We included 11 trials that enrolled a total of 2412 pregnant women who smoked at enrolment, nine trials of NRT and two trials of bupropion as adjuncts to behavioural support, with comparable behavioural support provided in the control arms. No trials investigated varenicline or ECs. We assessed four trials as at low risk of bias overall. The overall certainty of the evidence was low across outcomes and comparisons as assessed using GRADE, with reductions in confidence due to risk of bias, imprecision, and inconsistency.
Compared to placebo and non-placebo (behavioural support only) controls, there was low-certainty evidence that NRT increased the likelihood of smoking abstinence in later pregnancy (RR 1.37, 95% CI 1.08 to 1.74; I² = 34%, 9 studies, 2336 women). However, in subgroup analysis by comparator type, there was a subgroup difference between placebo-controlled and non-placebo controlled RCTs (test for subgroup differences P = 0.008). There was unclear evidence of an effect in placebo-controlled RCTs (RR 1.21, 95% CI 0.95 to 1.55; I² = 0%, 6 studies, 2063 women), whereas non-placebo-controlled trials showed clearer evidence of a benefit (RR 8.55, 95% CI 2.05 to 35.71; I² = 0%, 3 studies, 273 women). An additional subgroup analysis in which studies were grouped by the type of NRT used found no difference in the effectiveness of NRT in those using patches or fast-acting NRT (test for subgroup differences P = 0.08).
There was no evidence of a difference between NRT and control groups in rates of miscarriage, stillbirth, premature birth, birthweight, low birthweight, admissions to neonatal intensive care, caesarean section, congenital abnormalities, or neonatal death. In one study infants born to women who had been randomised to NRT had higher rates of 'survival without developmental impairment' at two years of age compared to the placebo group. Non-serious adverse effects observed with NRT included headache, nausea, and local reactions (e.g. skin irritation from patches or foul taste from gum), but data could not be pooled. Adherence to NRT treatment regimens was generally low.

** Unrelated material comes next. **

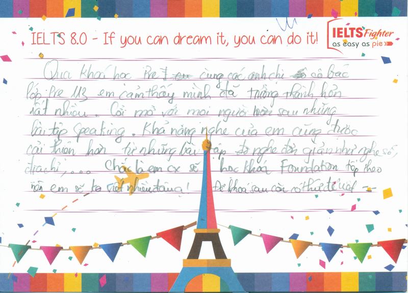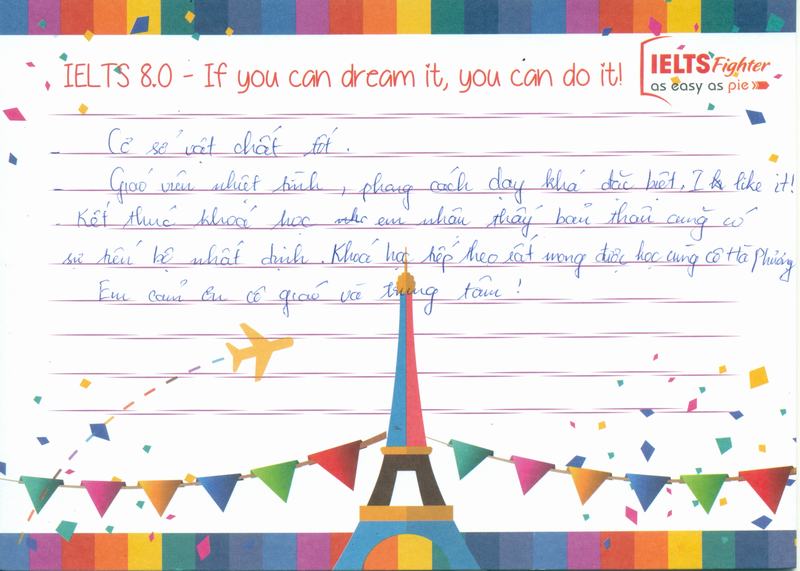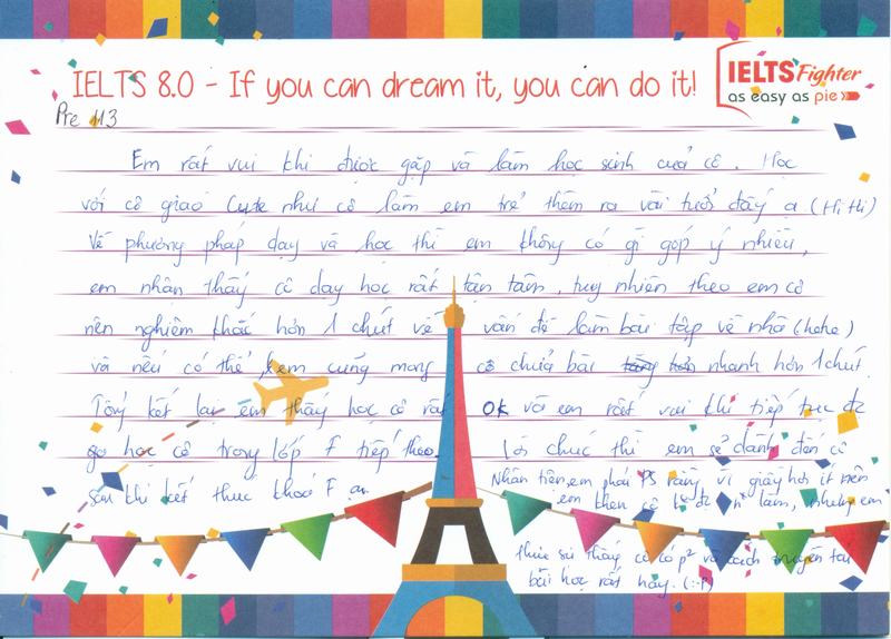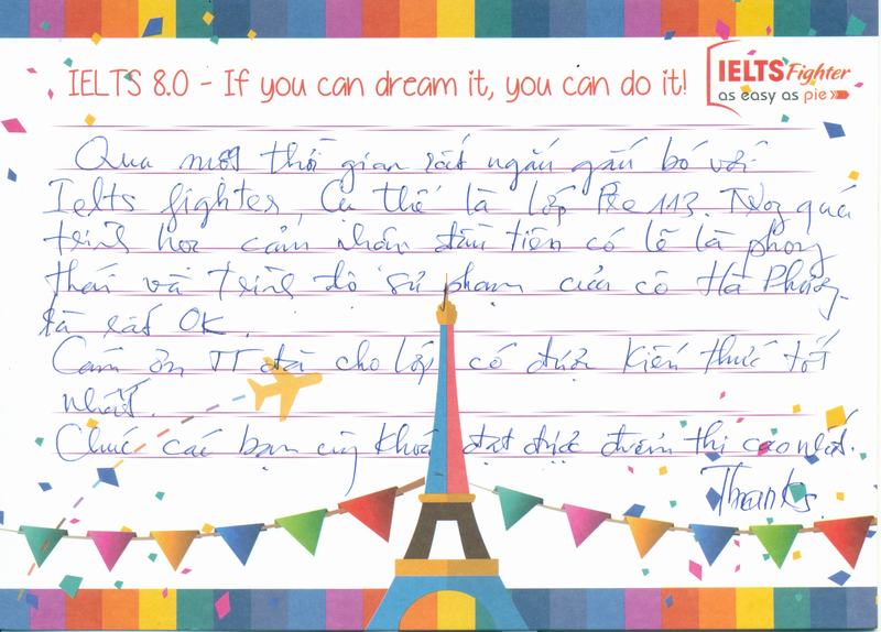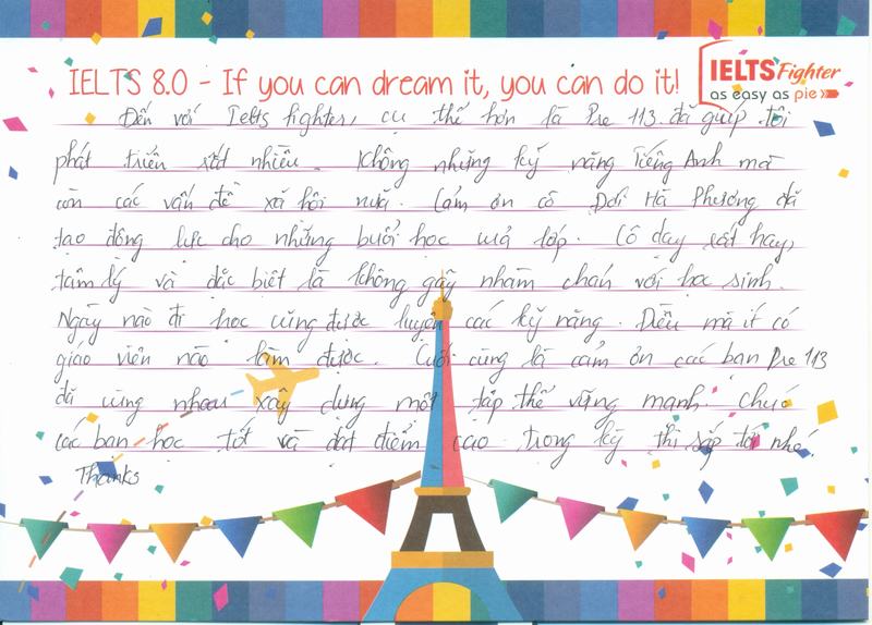 Đến với IELTS Fighter, cụ thể hơn là Pre113 đã giúp tôi phát triển rất nhiều. Không những kỹ năng tiếng Anh mà còn các vấn đề xã hội nữa. Cảm ơn cô Đới Hà Phương đã tạo động lực cho những buổi học của lớp. Cô dạy rất hay, tâm lý và đặc biệt là không gây nhàm chán với học sinh. Ngày nào đi học cũng được luyện các kỹ năng. Điều mà ít có giáo viên nào làm được. Cuối cùng là cảm ơn các bạn Pre 113 đã cùng nhau xây dựng một tập thể vững mạnh. Chúc các bạn học tốt và đạt điểm cao trong kỳ thi sắp tới nhé!

We identified low-certainty evidence that there was no difference in smoking abstinence rates observed in later pregnancy in women using bupropion when compared to placebo control (RR 0.74, 95% CI 0.21 to 2.64; I² = 0%, 2 studies, 76 women). Evidence investigating the safety outcomes of bupropion use was sparse, but the existing evidence showed no difference between the bupropion and control group.